Hubris flies on false wings. And for some inexplicable reasons, it would seem that it most often finds coziness with the rich, the famous and the powerful. It has to. The rich and the powerful have the world around them and the people under their spell. Things move or don’t move according to their whims and fancies. Lesser mortals waltz around them like celestial nymphs, or as moths around light. They are different; their world is different. To the rest of the less-fortunate, the rich and the powerful is a human deity. So it does not take him effort to prime to pride. And the Good Book says, “Pride goeth before destruction, and an haughty spirit before a fall.”
And the best of man is still a man. It is only God, perhaps that can claim and achieve invincibility. But Hubris, or what Plato called Icarus Complex, would not allow man be himself; his immortal self with all his powerlessness and vulnerabilities. Often, the man of power and wealth believes in his own ability to do, to be and to have. Master Lucifer started it, according to The Book. The old, man of guile and charmer, so intoxicated by his power and glory, decided to take control of the celestial throne. But his creator and enabler sent just one leader-angel to throw him down. And Lucifer fell with all his beauty, power and dominion.
Many millennia after that epic fall, one maniac called Adolf Hitler one day was stung by hubris. He looked around and sensed that every other race but his own Arian race was inferior and so those others ought to be controlled. His attempt to live his ambition, plunged the world into a war that human history has recorded and christened the Second World War. Ambition pushes a man to challenge his chi. And pride, as often the case, wouldn’t let him to see the redline.
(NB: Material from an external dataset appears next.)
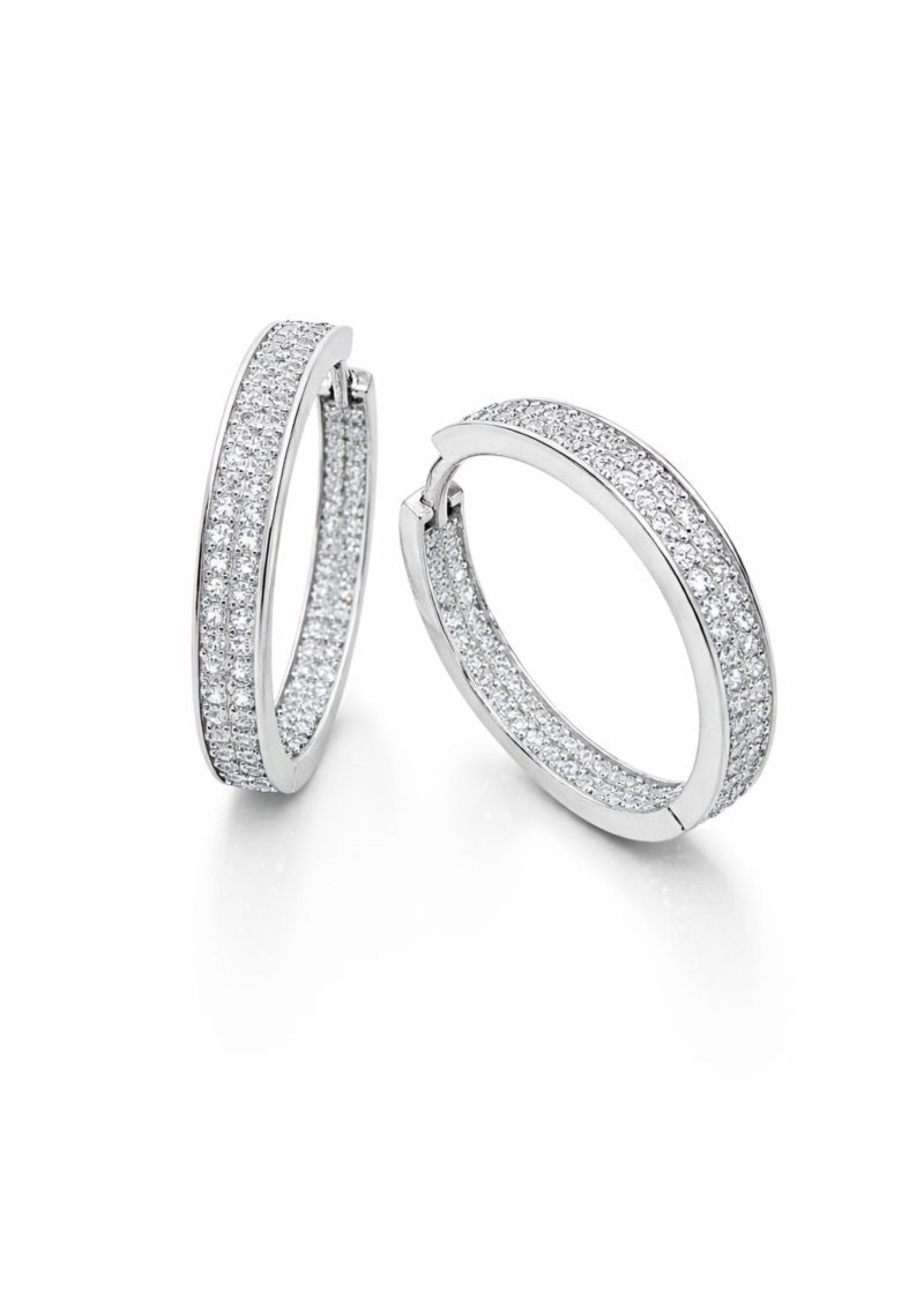 · Gracefully contoured hoop earrings adorned with finely set pavé stones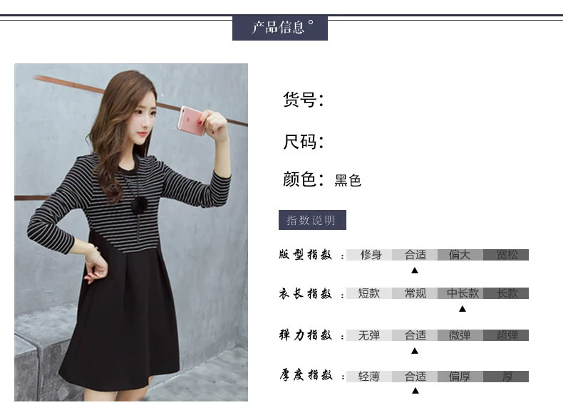 Bà bầu mặc váy mùa thu dài tay phiên bản hàn quốc sọc dài mang thai bà bầu cỡ lớn váy mùa thu

So, if a man is so embossed, so differently elevated and therefore revered by the mass of the people, it is easy to cross the line. Nay, it is always easy to be intoxicated with his sense of the possible and therefore defy, like Icarus, the wisdom in Daedalus’ warning. And not just the warning, but also the ancient lessons in self-control and moderation, guided by knowledge and balance.
Because of the height of their elevation and glory, when nature then visits with dark humour, as it often does, it is always not only the world that grieves, even “the heavens themselves (will) blaze forth…” as Mr. William Shakespeare would put it. When they are tormented, harassed and harangued by the cruel hand of fate, there’s this emotional brew of fear, anger and pity. Fear because here is once a superhuman, whose one little act of intemperance (or so) has brought down. Which, in interpretation, would mean that, in spite of a man’s stature, fate has some queer way of dealing nastily with him. “As flies to wanton boys,” Thomas Hardy writes in Tess of the d’Urbervilles, “are we to the gods. They kill us for their sport.” Their tragedy evokes anger because here is a man or women whom we had held with so much deified reverence. And pity because this queer fate has, in its mindlessness, brought him down to his ordinariness.
All of this ought to have given man enough life lessons. A good, life lesson that riches, power and fame are a poor defence to Lady Nemesis when she visits with her brutal impartiality. However, in spite of what the victim might or might not have done wrong, his tragedy should be a reminder that the rest of us can possibly not be immune to the justice of fate. In every man, there is at least an area of vulnerability – our Achilles’ Heels. And because there is this Manichean contest, between right and wrong; between light and darkness, man will continue to be prize-object for the gods.
It is turning out to be the same with Mrs. Diezani Allison- Madueke, our now damsel in distress. Until recently, she was the country’s oil minister and perhaps the most powerful and influential minster in the government she served. Now in far away London, she is expected to have her day with justice. And it is the desire of Nigerians and indeed humanity that justice is served in her case. For one, it will reassure us that those who work evil on the nation and bring odium and pain on the people will get their just reward. And those wrongly accused will get their just dessert. “Nothing is more repugnant than an innocent man in prison,” writes Jean Genet. And nothing is as vile as having the unjust roam the field. We know that in this country are those who ought to be in the maximum side of the Kirikiri Prisons. However today, they are in maximum side of high and respected place, deciding the fate of the country. Yes, “life is unfair,” as J. F. Kennedy would say, but we humans, thank God, have learnt to give nature a helping hand so that life will be easier and tolerable for the greatest number. Justice and injustice are conscious acts of men. And we can choose which side to fall.